Argon- 41 is used to measure the rate of gas flow. It has a decay constant of \(6.3 \times 10^{-3} \mathrm{~min}^{-1}\). (a) What is its half-life? (b) How long will it take before only \(1.00 \%\) of the original amount of Ar- 41 is left?

To find the half-life of Argon-41, we will use the equation \(t_{1/2} = \frac{\ln 2}{\lambda}\). We are given the decay constant \(\lambda = 6.3 \times 10^{-3} \mathrm{~min}^{-1}\). Plugging this into the equation, we get: \(t_{1/2} = \frac{\ln 2}{6.3 \times 10^{-3} \mathrm{~min}^{-1}}\) Calculate the value of \(t_{1/2}\).

We now want to find the time \(t\) when only 1% of the original amount of Argon-41 is left. We can use the decay formula \(N_t = N_0 e^{-\lambda t}\). Since we are only concerned with the percentage of remaining Argon-41, we can set \(N_0 = 100\) and \(N_t = 1\).

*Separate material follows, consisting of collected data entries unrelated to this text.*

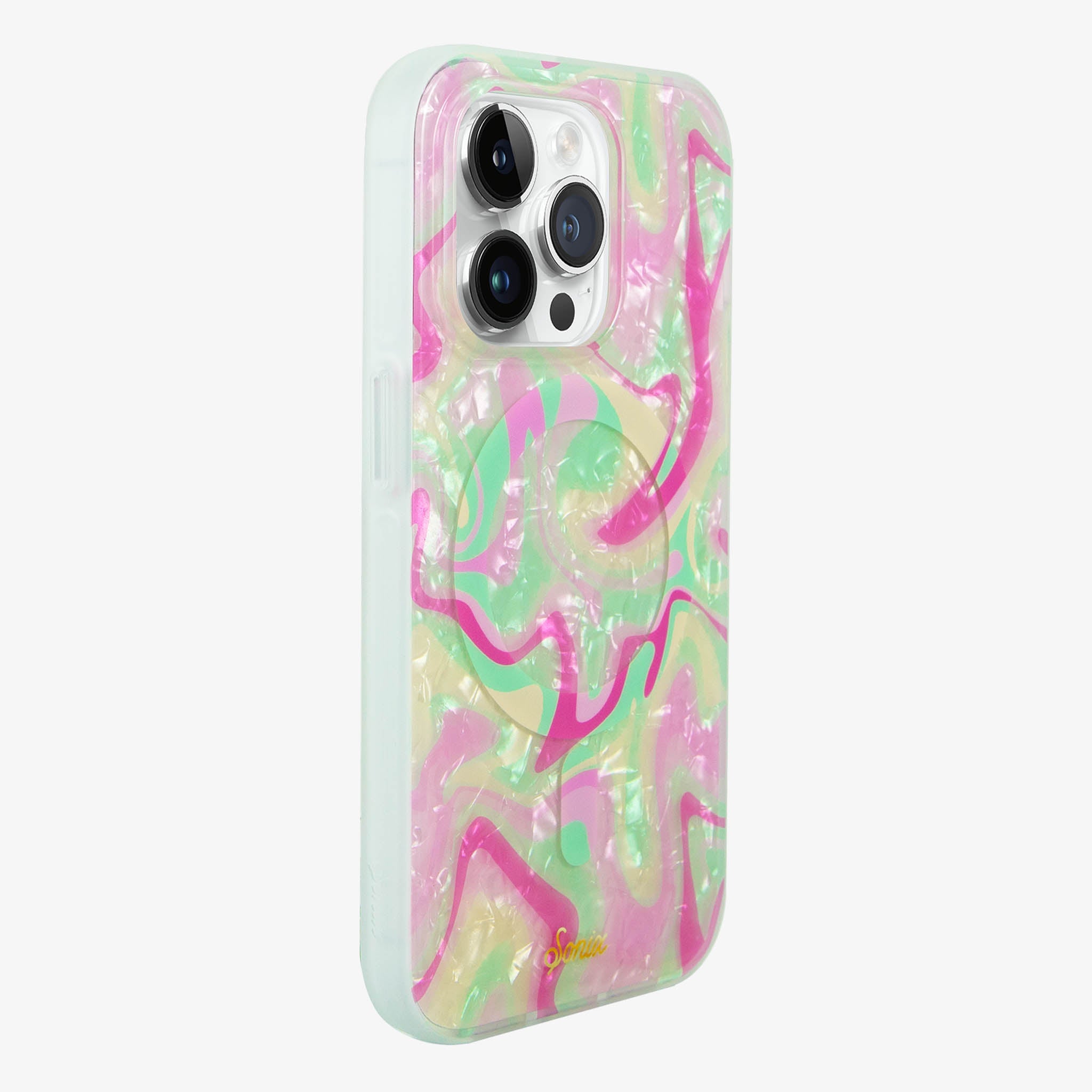 Matcha lovers sing the sweet tea��s praises due to its health benefits and ability to energize the body. That��s all great, but we are energized by the gorgeous pale green hue of the popular drink so much that we gave the matcha its own iPhone case. And, just to sweeten the deal, we threw in an equally pretty strawberry element and swirled it around. The colors of this MagSafe®? Compatible case against a meditative tort background . . . we��re already seeing the (mental) health benefits here.?
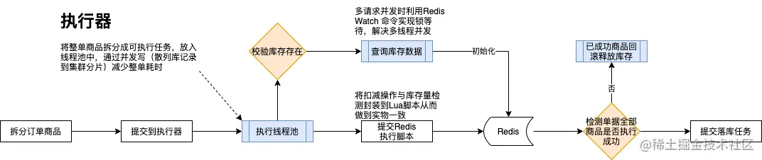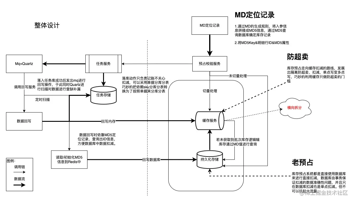 - 扛量部分:库存性能瓶颈在预占,传统架构主要依靠数据库事务保持数据一致以及数据读写;新版架构设计将数据扛量部分移植到Redis,利用Redis高性能吞吐解决高并发场景下数据读写。
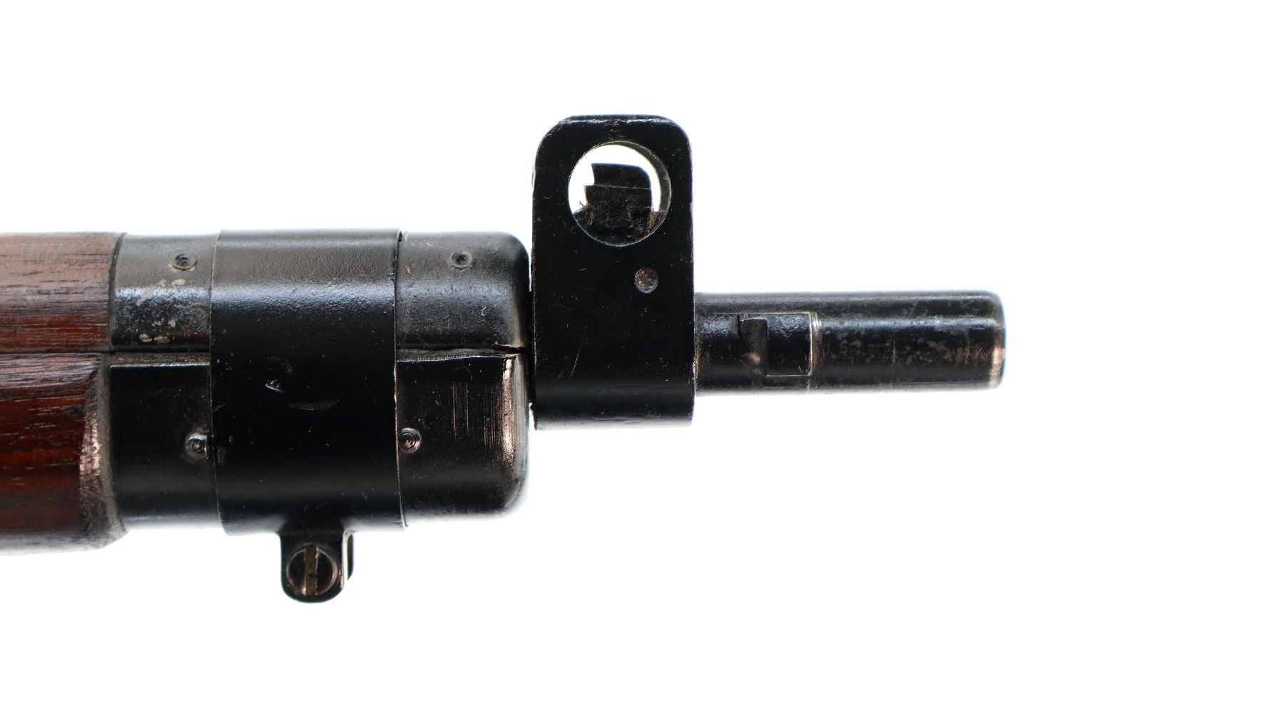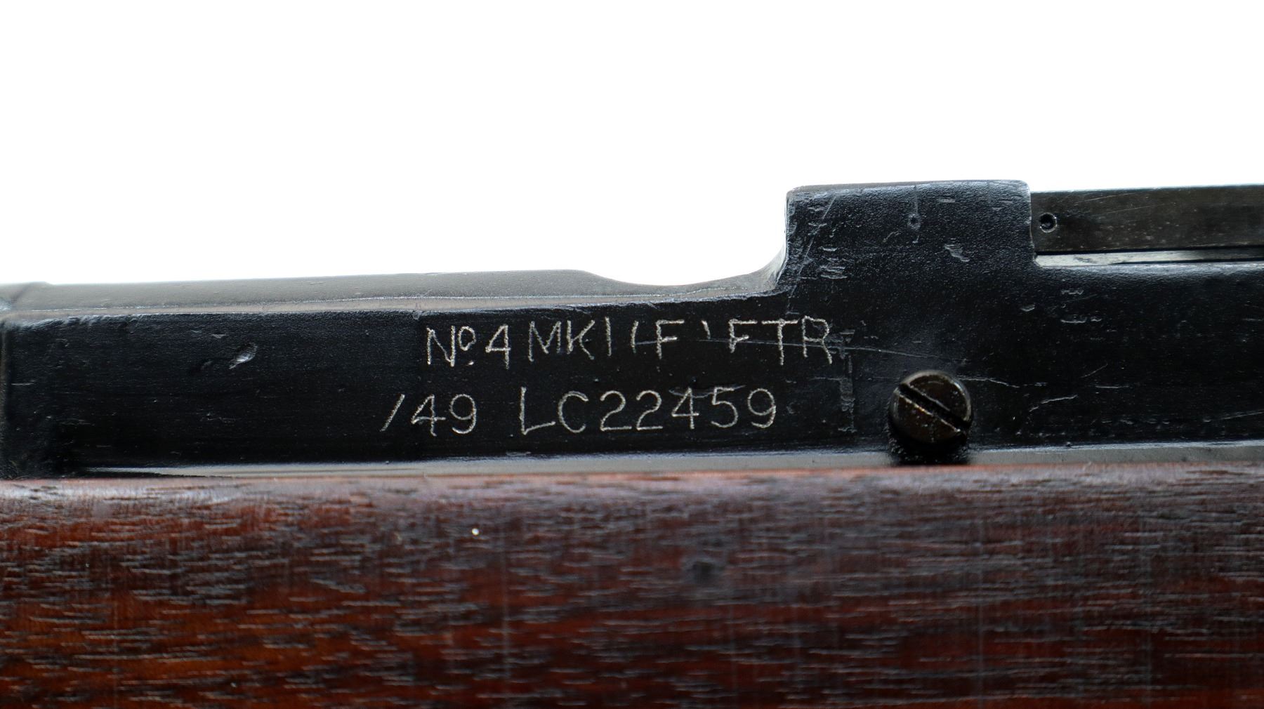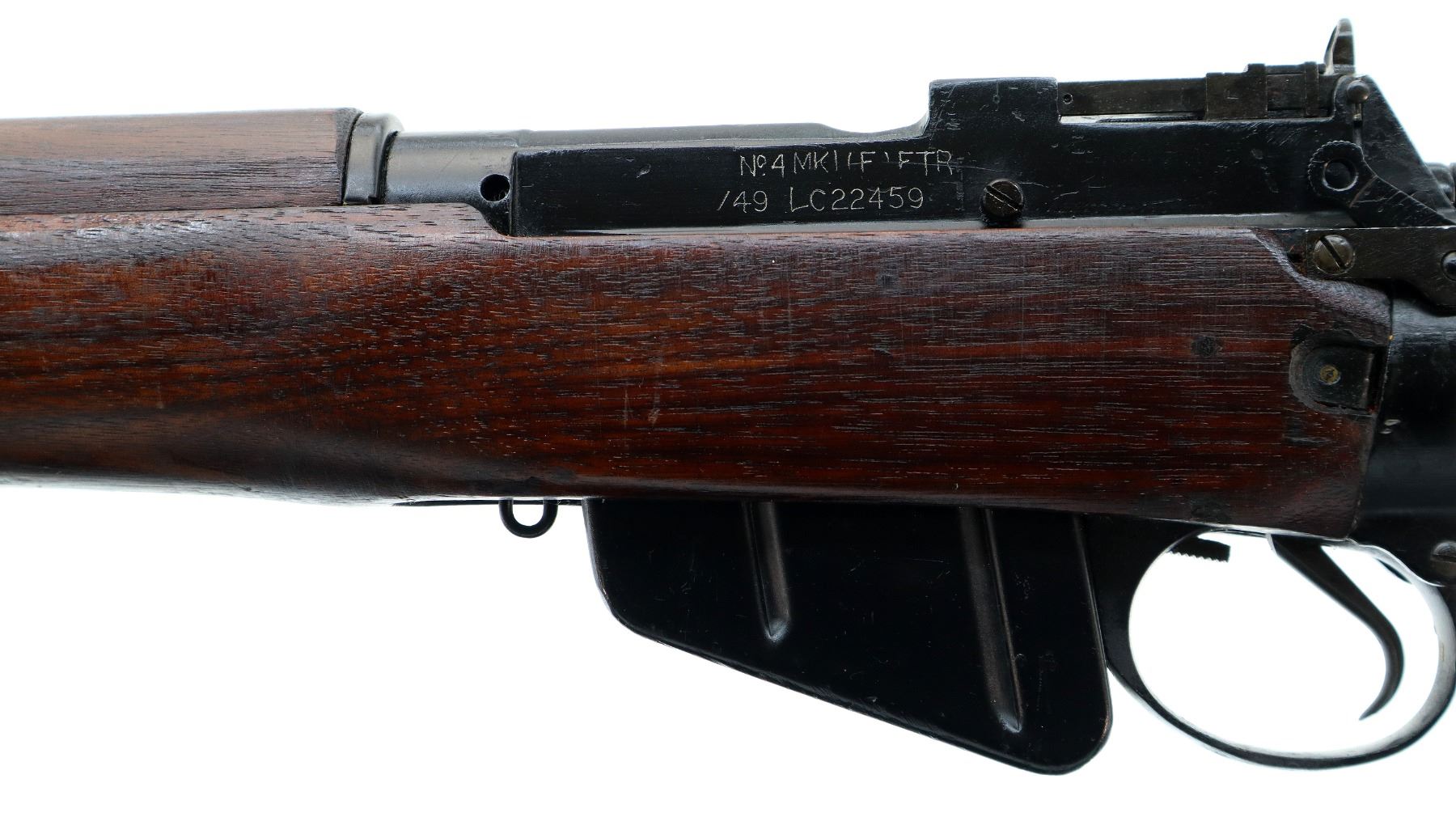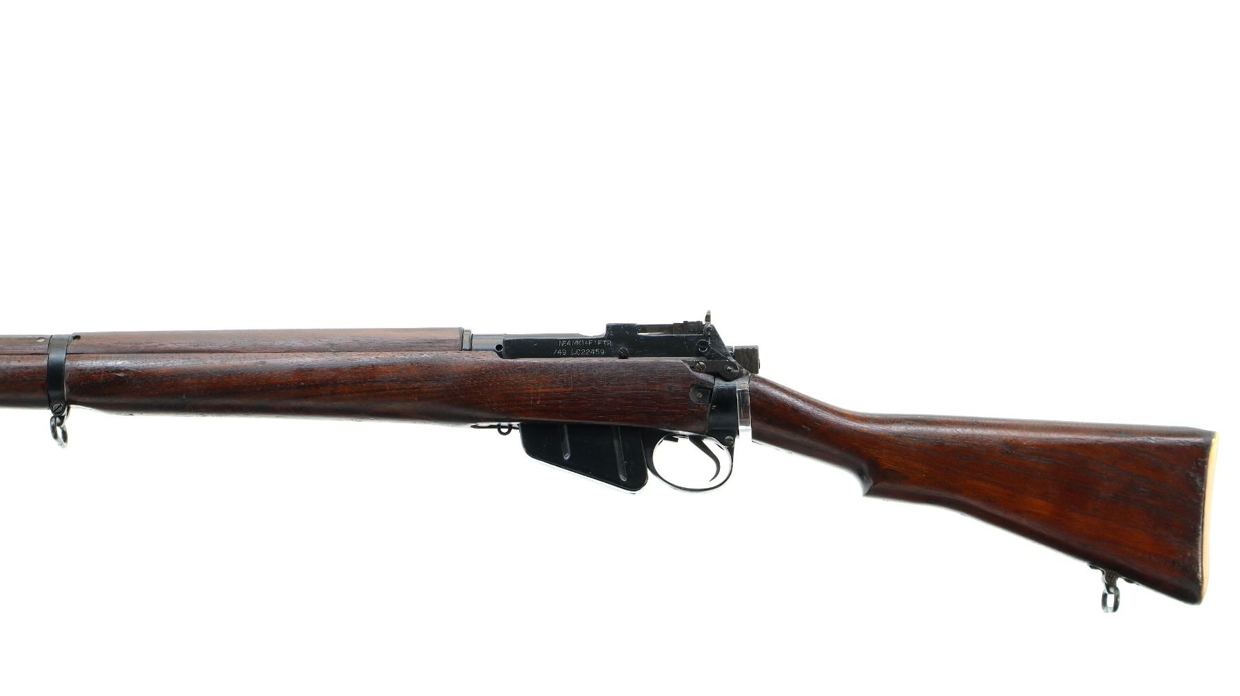 Main Description: Manufactured by Fazakerley 1949, visible numbers match. Blade front sight with ears and ramp, adjustable milled rear peep sight. Four piece full military wood stocks, pistol grip, smooth brass butt plate with trap, sling swivels, bayonet lugs.

So, the equation becomes: \(1 = 100 e^{-6.3 \times 10^{-3} \mathrm{~min}^{-1} t}\) To solve for \(t\), we can first divide both sides by 100: \(\frac{1}{100} = e^{-6.3 \times 10^{-3} \mathrm{~min}^{-1} t}\) Next, take the natural logarithm of both sides: \(\ln(\frac{1}{100}) = -6.3 \times 10^{-3} \mathrm{~min}^{-1} t\) Now, divide both sides by the decay constant to isolate \(t\): \(t = \frac{\ln(\frac{1}{100})}{-6.3 \times 10^{-3} \mathrm{~min}^{-1}}\) Finally, calculate the value of \(t\).